20011219: ldmfail failing and sending emails every 20 minutes



>From: "James R. Frysinger" <address@hidden>
>Organization: College of Charleston
>Keywords: 200111061842.fA6Igt112242 LDM binary install

Jim,

>Yikes, I'm getting bombarded by messages coming once every 20 minutes.
>
>After 3-4 days of playing with McIDAS I exerted some self-discipline 
>and left it alone today. Then this evening I opened up my email and 
>found a very full inbox. They all say:
>   No primary or failover found in /export/home/ldm/etc/ldmd.conf
>   From: sysadmin frysingj <address@hidden> (oper)
>   To: address@hidden
>   ldmfail: Dec 20 01:00:00 UTC
>except that the times change in 20 min increments, of course. This 
>onslought started at 10:40:35 local time this morning. All subsequent 
>messages have :00 for the seconds. So that kind of narrows down the 
>time of the glitch.

OK, this was caused by my not being familiar with how ldmfail works
(what it is looking for in ldmd.conf, ldmd.pluto.met..., ldmd.cirp.met...).

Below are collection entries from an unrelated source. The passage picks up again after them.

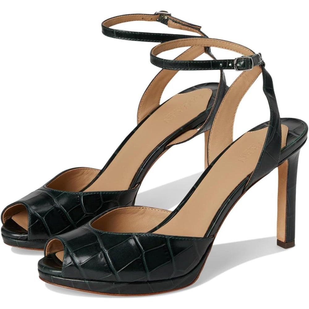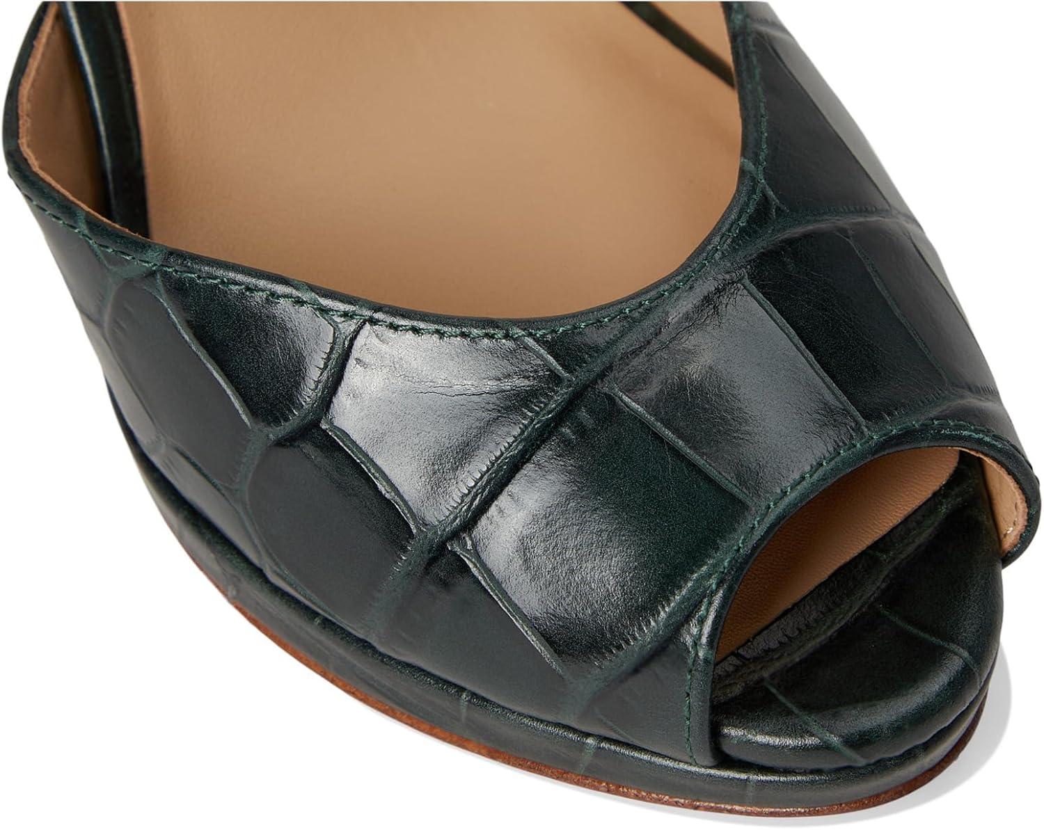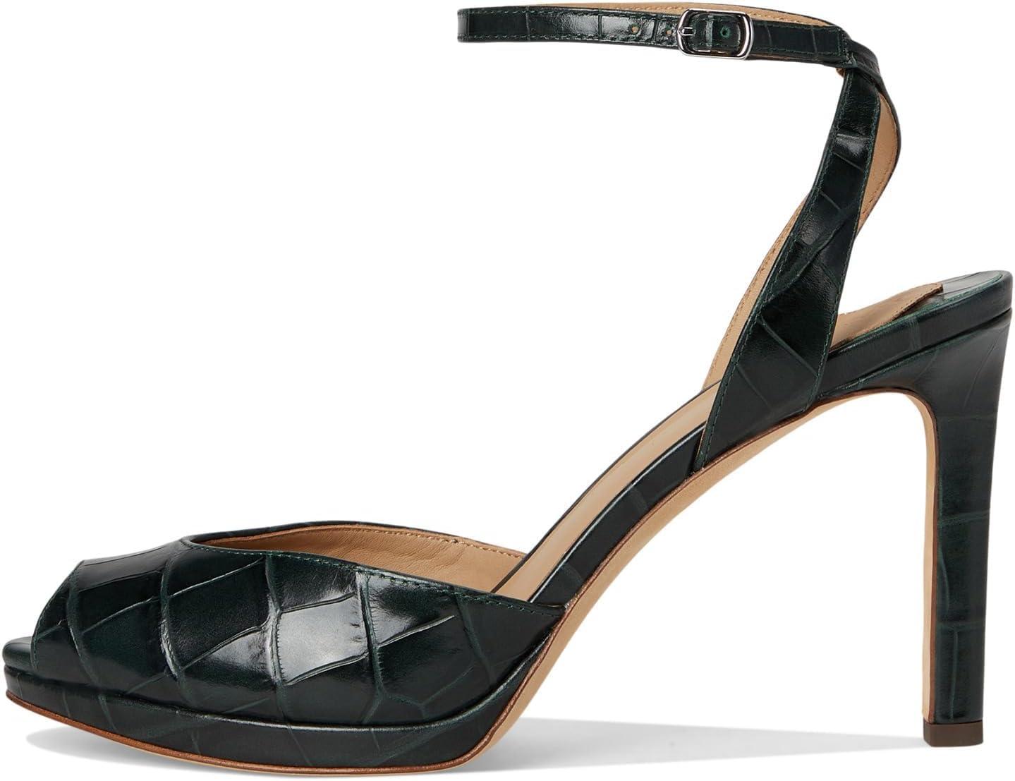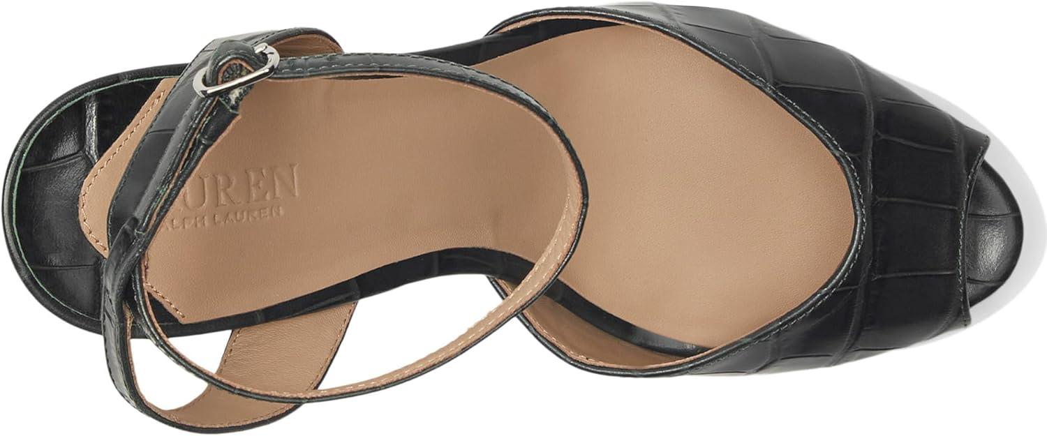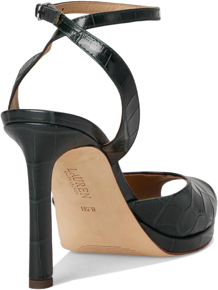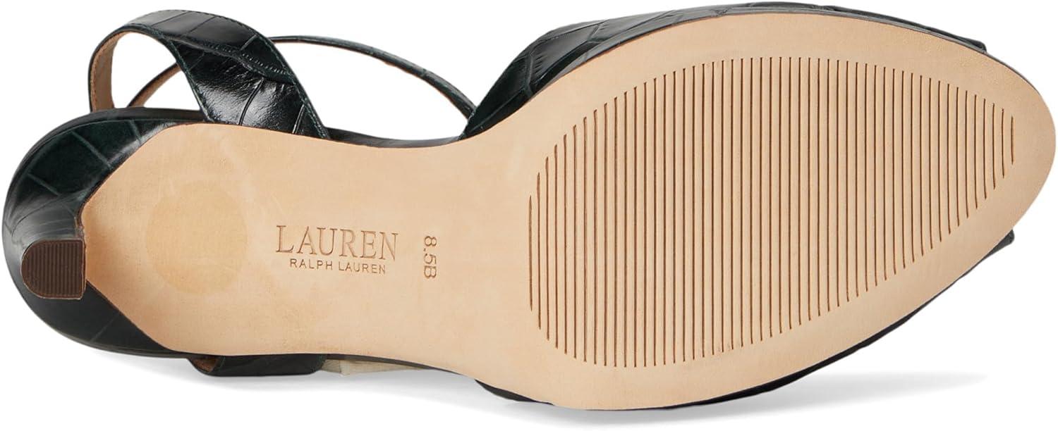 Glossy crocodile-embossed leather brings subtle dimension and a luxurious sensibility to the Lauren Ralph Lauren Kyla Crocodile-Embossed Leather Sandals, which is equipped with stiletto heels for a leg-elongating effect. A crisscross ankle strap and peep toe design add modern appeal, while padded insole offers comfort with each step. Leather upper and lining. Ankle strap with buckle closure. Leather outsole.
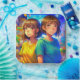 Anime twin girls in the city colourful art Birthday Party paper plates.
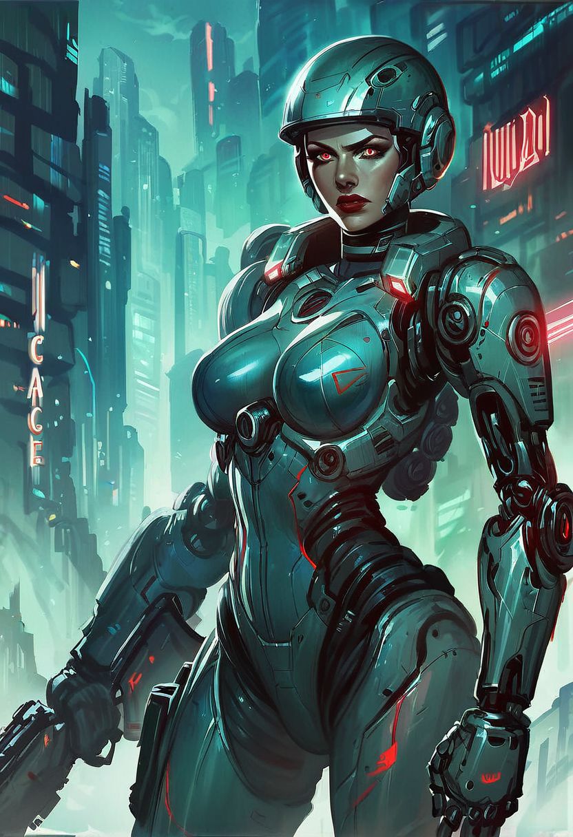 score_9, score_8_up, score_7_up, black choker, sketch, themed_sequential_art, female character, detailed face, beautiful , red lips, eye lashes, determined expression, futuristic helmet, cybernetic body, advanced suit, confident posture, holstered weapon, glowing energy weapon, cityscape background, neon lights, official art, anime style
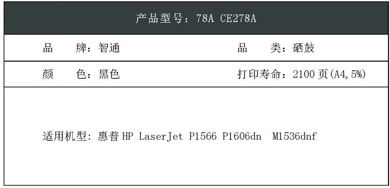 智通ZT CE278A黑色硒鼓(带芯片)-PLUS版 适用于:惠普HP LaserJet P1566 P1606dn M1536dnf
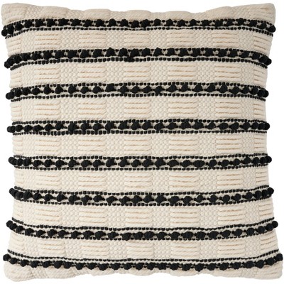 Saro Lifestyle Sophisticated Duo-Tone Stripe Poly Filled Pillow, Black, 20"x20"
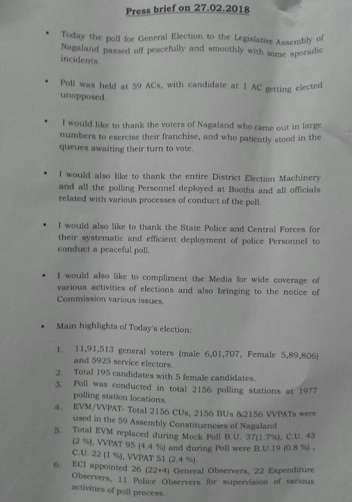 Meanwhile, addressing the media personnel at the Conference Hall of AMK Building, Kohima on 27th February, 2018, CEO, Abhijit Sinha, IAS said heavy shower the day before had worsened the road conditions so on the day of poll some polling parties reached the venue quiet late, some even after 12 PM.
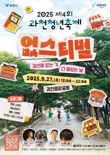 [금요저널] 과천시는 청년의 날을 기념해 오는 27일 중앙공원 일대에서 ‘2025년 제4회 과천청년축제-없스티벌’을 개최한다고 밝혔다.
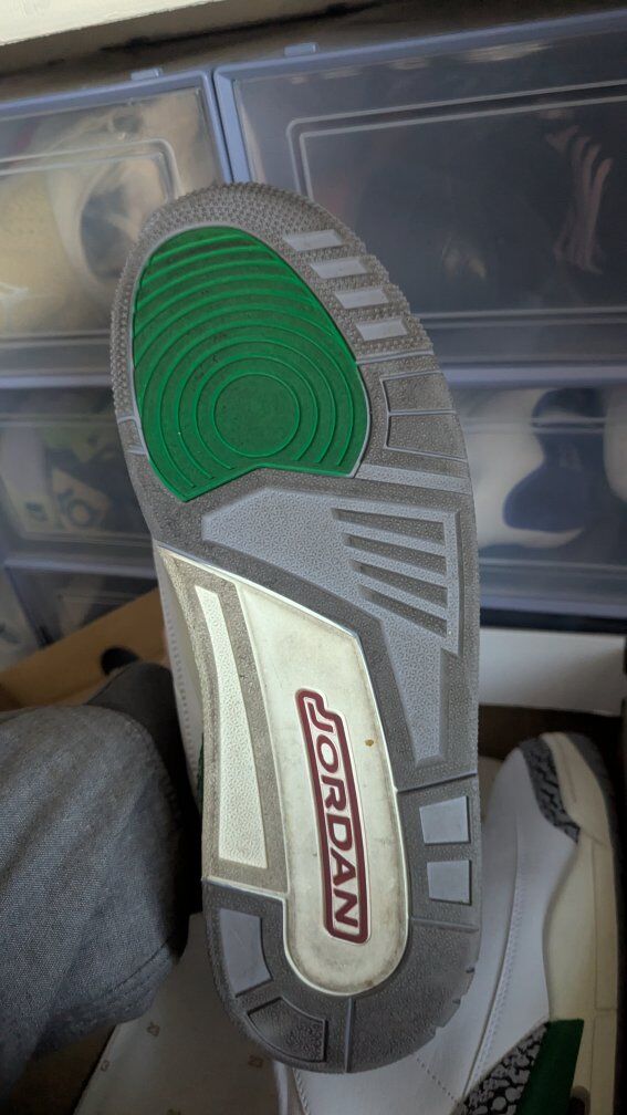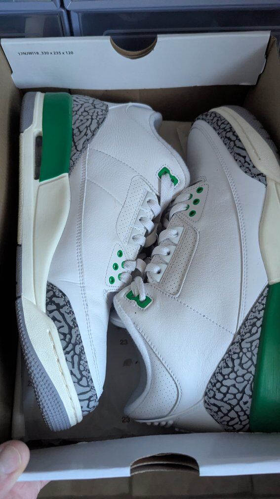 Zellehey how's it going putting these Jordan 3 women's release lucky green up for sale. they're a size 11.5 women's which is a size 10 in men's. I've only worn these maybe 5-10 times Max. I have about 60 pairs of shoes and stuff is in rotation. some stuff I just end up forgetting about and never wearing. this is one of them that have only worn a few times and have forgotten about so it's up for sale. I'm asking 180.00 and pickup is in Orem. I do work up in salt lake so if you want I can meet you in salt lake anytime between Tuesday and Saturday in South Jordan off of 7200, South and redwood. it'd be a better person you'll get on eBay or stockx. you'll also have to pay shipping and taxes and wait for the shipping to arrive to you and legit check. this is all legit. I have all the receipts and electronic stamps to show that I bought them from sneakers app
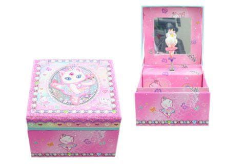 Playing box nakitna skrinja. V notranjosti skrinjice za nakit sta ogledalo in mačka, ki pleše in igra, ko obrnete ključ. Velikost približno 11 × 11 × 8 cm. Pakirano v plastični vrečki. Izdelek ni igrača.
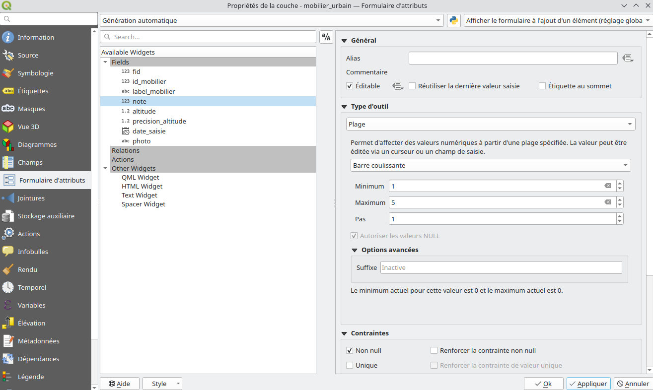 Pour le champ note, nous allons faire en sorte d’afficher un curseur défilant de 1 à 5 au moment de la capture. Dans le menu de formulaire d’attributs, sélectionnez le champ note. Dans la partie Type d’outil, choisissez Plage puis le menu déroulant Barre coulissante. Définissez un Minimum de 1 et un Maximum de 5 avec un Pas de 1. Puis dans la partie Contraintes cochez la case Non null (Figure 8).
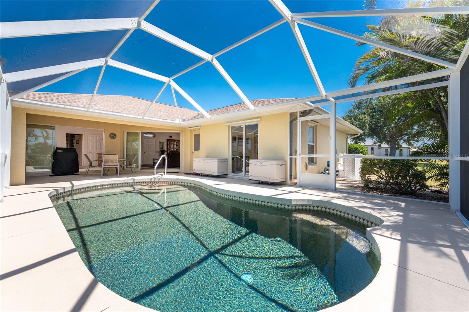 Lote à beira -mar duplo, um proprietário, proteção completa do furacão e teto: 2020, HVAC: 2019, irrigação do canal - tudo o que você deseja e muito mais! Esta casa construída personalizada foi meticulosamente mantida e aguardando você! As you approach the front door, you are warmly welcomed with a screened-in front porch and stepping inside, the open floor plan with 12 foot vaulted ceilings and neutral color scheme awaits..... The great room provides the perfect space for entertaining with a spacious living room, dining area, and kitchen that features ample cabinets & countertop space, stainless steel appliances, a built-in desk/workspace, Barra de café da manhã, iluminação embutida e acesso à grande lavanderia com uma porta de bolso. As principais áreas de estar têm fáceis de manter, que flui durante a maior parte da casa. Expanda facilmente seu espaço de estar ao ar livre com portas de vidro deslizantes triplas de bolso que levam para fora da sua linha coberta com sua própria piscina e, o mais importante, a impressionante vista do canal - um verdadeiro oásis de quintal privado! Há muito espaço dentro com uma planta baixa dividida, proporcionando privacidade para todos e todos os quartos apresentam armários. A suíte do proprietário é realmente um "retiro", com acesso privado à área de Lanai e piscina, um closet e uma suíte que tem amplo espaço no gabinete, grande vaidade, um chuveiro espaçoso e um armário de água privado. Do outro lado da casa estão os dois quartos de hóspedes-um com acesso privado à área da piscina, e os dois quartos apresentam carpete de qualidade, armários e ventiladores de teto. O banho de hóspedes funciona como uma banheira de bilhar com uma combinação de chuveiro/banheira e muitos armários. Não vamos esquecer a garagem dos três carros! Esta casa oferece uma abundância de armazenamento por dentro e por fora! Além disso, um espaço adicional para o pátio fora da garagem, onde você pode sentar e se reunir com os amigos. Existem tantos recursos opulentos que esta casa oferece que você deve vir ver por si mesmo! A Rotonda West oferece cinco campos de golfe, trilhas para caminhada e bicicleta, quadras de tênis e localizadas a poucos minutos de praias do Golfo de classe mundial, incríveis pesca, mercados de agricultores e uma ampla seleção de restaurantes e lojas pitorescas. Você não quer hesitar, pode fazer deste seu oásis da Flórida!
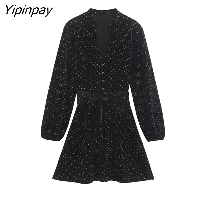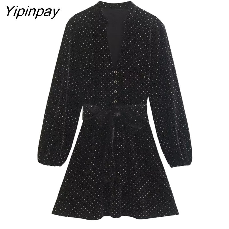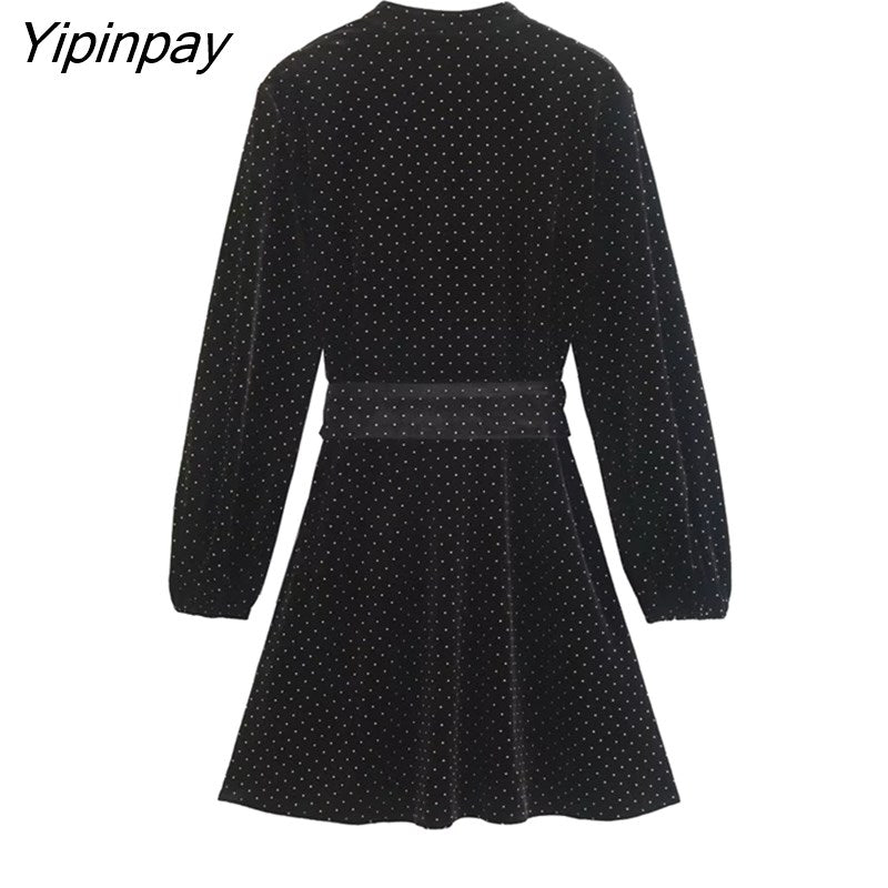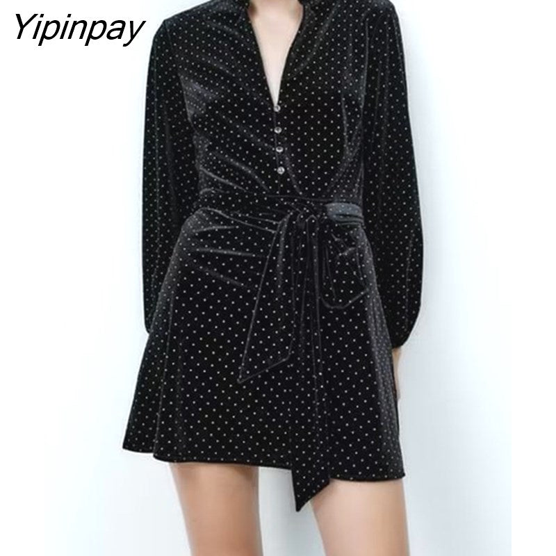 Yipinpay New Women Velvet Mini Dresses With Belt 2023 Spring Autumn Elegant Ladies Soft Dresses Long Sleeve A-line Vestidos
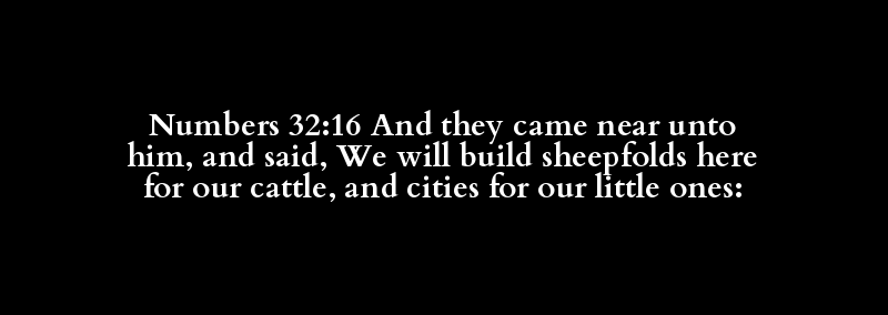 Numbers 32:16 And they came near unto him, and said, We will build sheepfolds here for our cattle, and cities for our little ones:

ldmfail reads ldmd.conf and looks for a match between the -p or -f
values on its command line AS THE THIRD parameter on a request line.
I had setup your ldmd.conf files in an alternate manner:

request UNIDATA ".*"
        pluto.met.fsu.edu
#       cirp.met.utah.edu

I did this because we setup our ldmd.conf files like this on more than
one machine that we administer.  The only problem is that we _never_
run ldmfail (no need to)!

So, I ssh'd in and changed your ~ldm/etc/ldmd.conf, ldmd.pluto.met.fsu.edu,
and ldmd.cirp.met.utah.edu files to have request lines that read like:

request UNIDATA ".*" pluto.met.fsu.edu

I then tested bin/ldmfail from ~ldm "by hand" and am satisfied that it
will work correctly now (i.e., not bombard you with emails).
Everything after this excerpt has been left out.